The MemoryStream gives the same output in the page as when using a StringBuilder, but with one important exception. When you send the output to a StringBuilder it is always encoded as Unicode (UTF-16). This is the only character encoding used in the .NET Framework for String values, and so you see the attribute encoding="utf-16" in the opening XML declaration (look back at Figure 6). When using a MemoryStream, however, the stream encoding is set by the XmlWriter and so you see the attribute encoding="utf-8" in the opening XML declaration encoding - which corresponds with the encoding we specified in the XmlWriterSettings instance.
If the output object is the ASP.NET response, the code has nothing else to do. The output will have been sent to the ASP.NET Response.OutputStream, and is displayed right at the top of the page (see Figure 7). Of course, only the text content of the elements is visible, because the browser ignores the XML elements, so a message indicating how to see it all is displayed instead:
...
Case 3
' output dumped into Response so display message
messages.Append("<b>XML output dumped into ASP.NET Response.OutputStream</b><br />")
messages.Append("View the source of the page in your browser to see it...")
...
But if you design your streaming transformation to generate HTML, you can create the whole page this way - without having to learn XSL-T! Or as a more likely scenario, creating Web Services, you could generate the output XML document this way without having to first persist it to another object.

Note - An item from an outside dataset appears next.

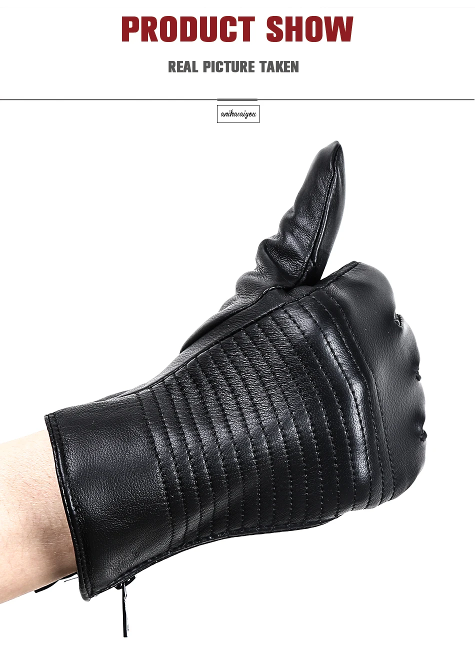 Мужские кожаные перчатки, мотоциклетные перчатки из овчины, зимние ...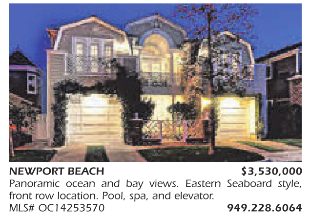 NEWPORT BEACH $3,530,000 Panoramic ocean and bay views. Eastern Seaboard style, front row location. Pool, spa, and elevator. MLS# OC14253570 949.228.6064

Figure 7 - Streaming the XML to the ASP.NET Response.OutputStream
The final option in the example page sends the XML output to a wrapped or pipelined XmlTextReader. One important point to note here is that, because we set the CloseOutput property of the XmlWriterSettings instance to False, the XmlTextWriter will be left open after the XmlWriter is closed. We only did this so that we could access the MemoryStream output object, and normally your will set the CloseOutput property of the XmlWriterSettings instance to True unless you intend to write other output to it - perhaps when using more than one XmlWriter to build compound document.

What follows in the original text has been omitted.